● Brief: The required copy runs from the first line of the material through the line containing "Hydrangea - 3", exactly as written and without pictures.

● Raw data:

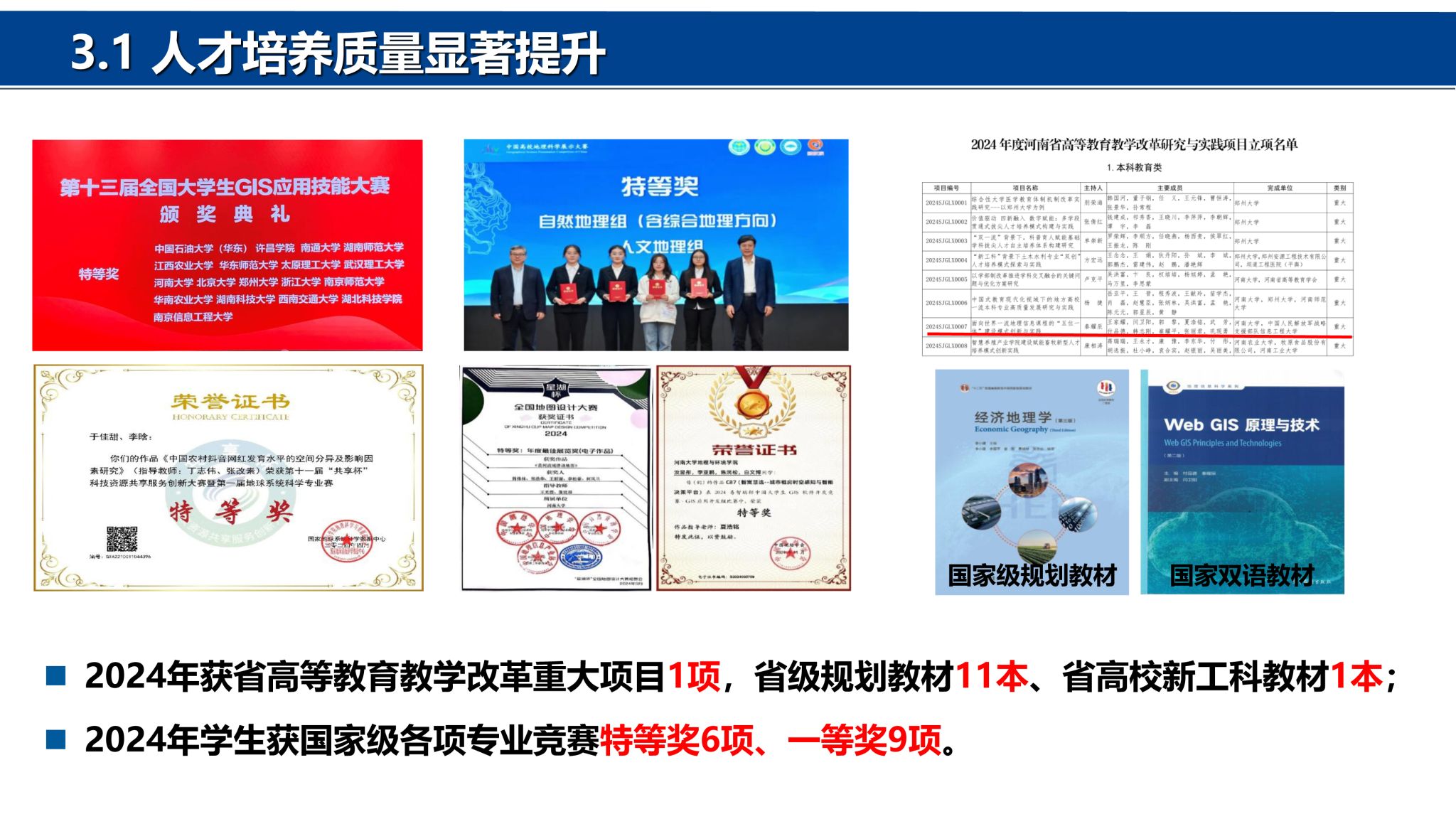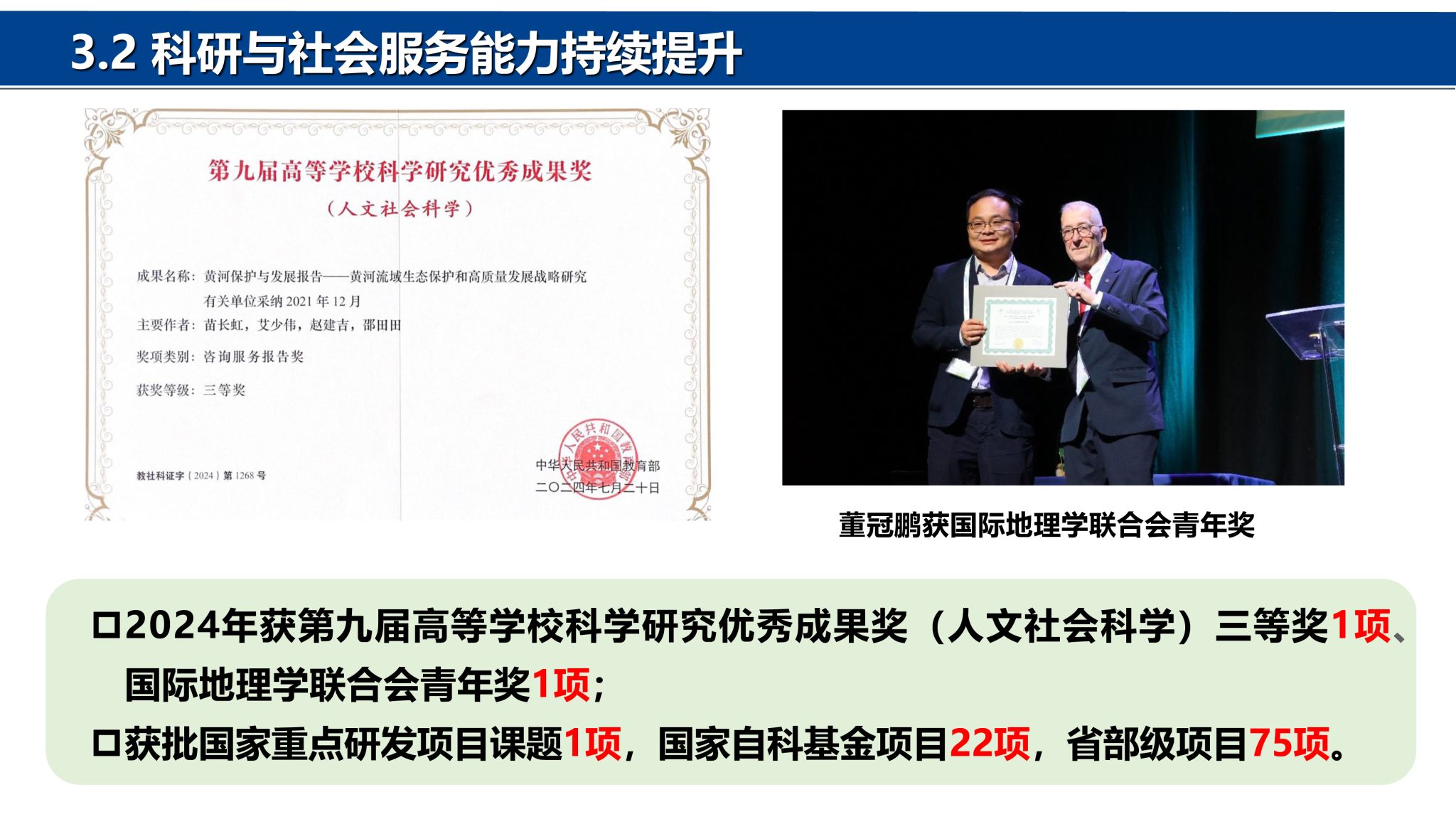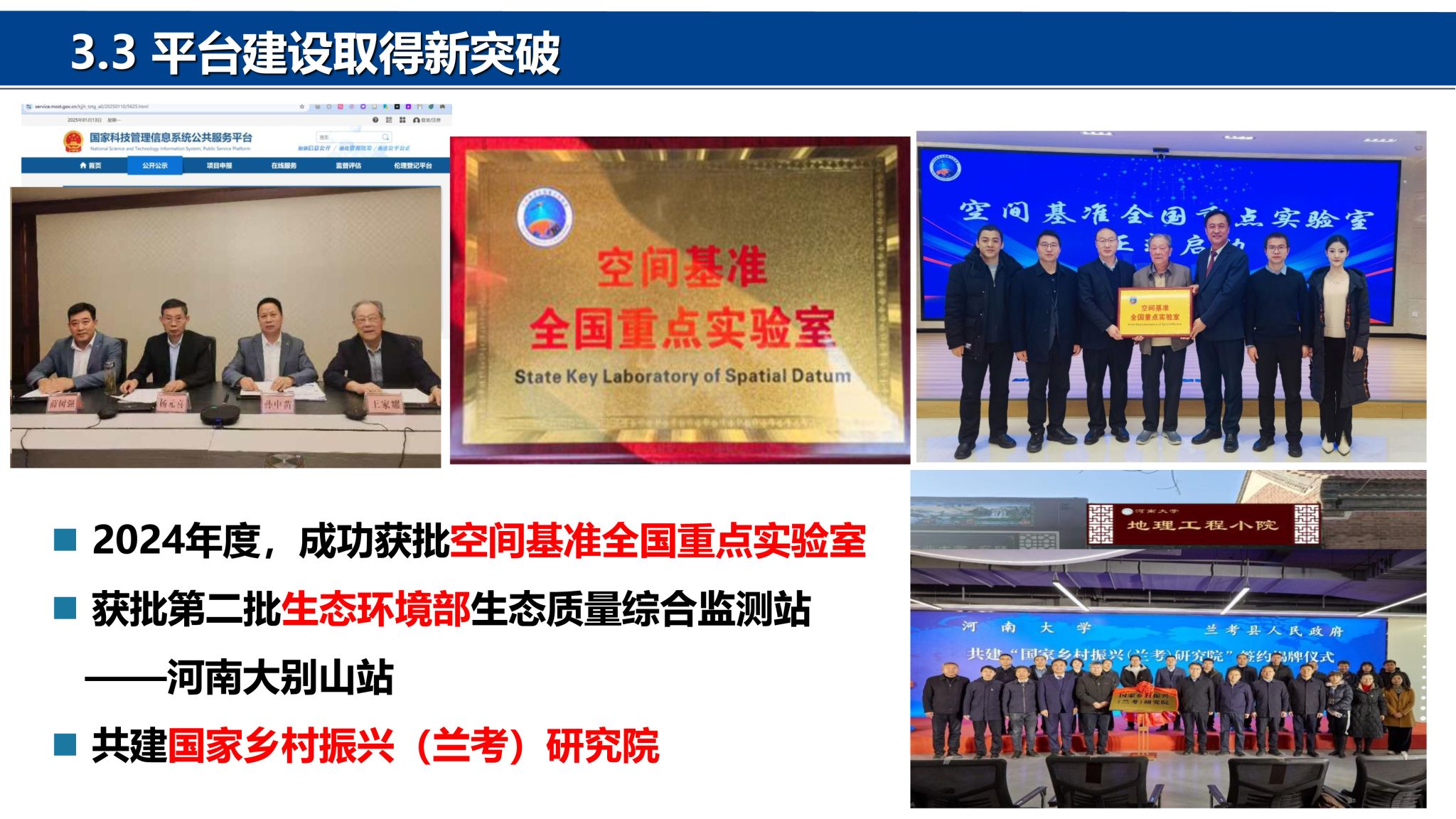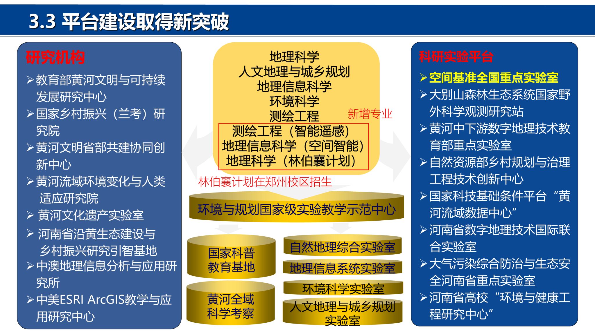 院士)冯景兰教授。经过几代地理人的筚路蓝缕、奋力拼搏,地理科学与工程学部在教学科研、学科建设、人才培养、社会服务等方面取得了突出的成绩,得到社会各界一致赞誉。地理学科在国家第四、第五轮学科评估中为B+位次,2024年在河南省28个冲锋学科评估中排名第4。
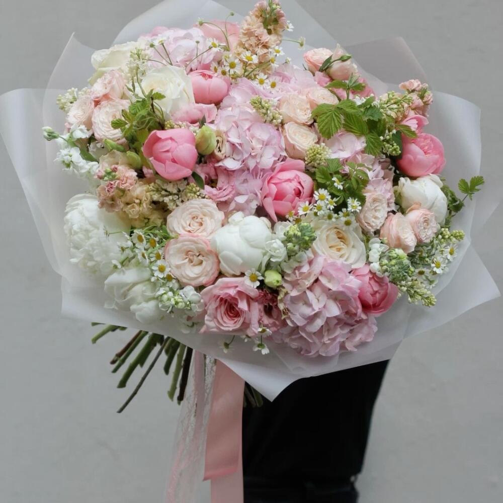 Hydrangea - 3 pcs Eucalyptus - 2 pcs Spray rose - 7 pcs peonies by Sarah Bernhardt - 11 pcs
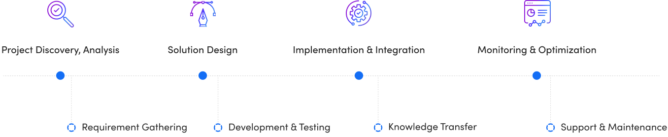 Our RPA team goes above and beyond deployment when it comes to managing RPA lifecycles. We implement continuous oversight and robust security with stringent protocols to safeguard sensitive data and adhere to compliance protocols across all stages of automation.
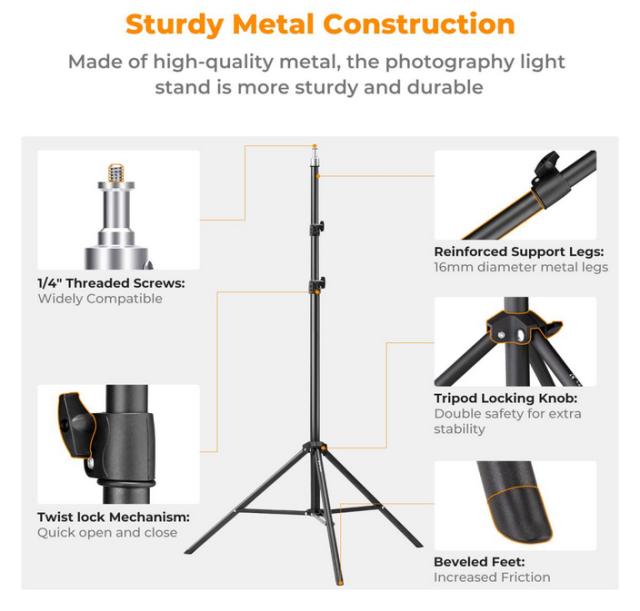 Stojan je vybaven stativovou základnou s prodlužovací tyčí, která zvyšuje stabilitu, zatímco skládací nohy a protiskluzové nožičky zajišťují stabilitu stojanu i na nerovném povrchu. Stojan je výškově nastavitelný v rozmezí od 80 cm do 200 cm (31,5" až 78,8"), takže se může přizpůsobit různým scénářům fotografování a poskytuje flexibilitu ve studiu i v exteriéru.

● Exercise answer:
 院士)冯景兰教授。经过几代地理人的筚路蓝缕、奋力拼搏,地理科学与工程学部在教学科研、学科建设、人才培养、社会服务等方面取得了突出的成绩,得到社会各界一致赞誉。地理学科在国家第四、第五轮学科评估中为B+位次,2024年在河南省28个冲锋学科评估中排名第4。
 Hydrangea - 3 pcs Eucalyptus - 2 pcs Spray rose - 7 pcs peonies by Sarah Bernhardt - 11 pcs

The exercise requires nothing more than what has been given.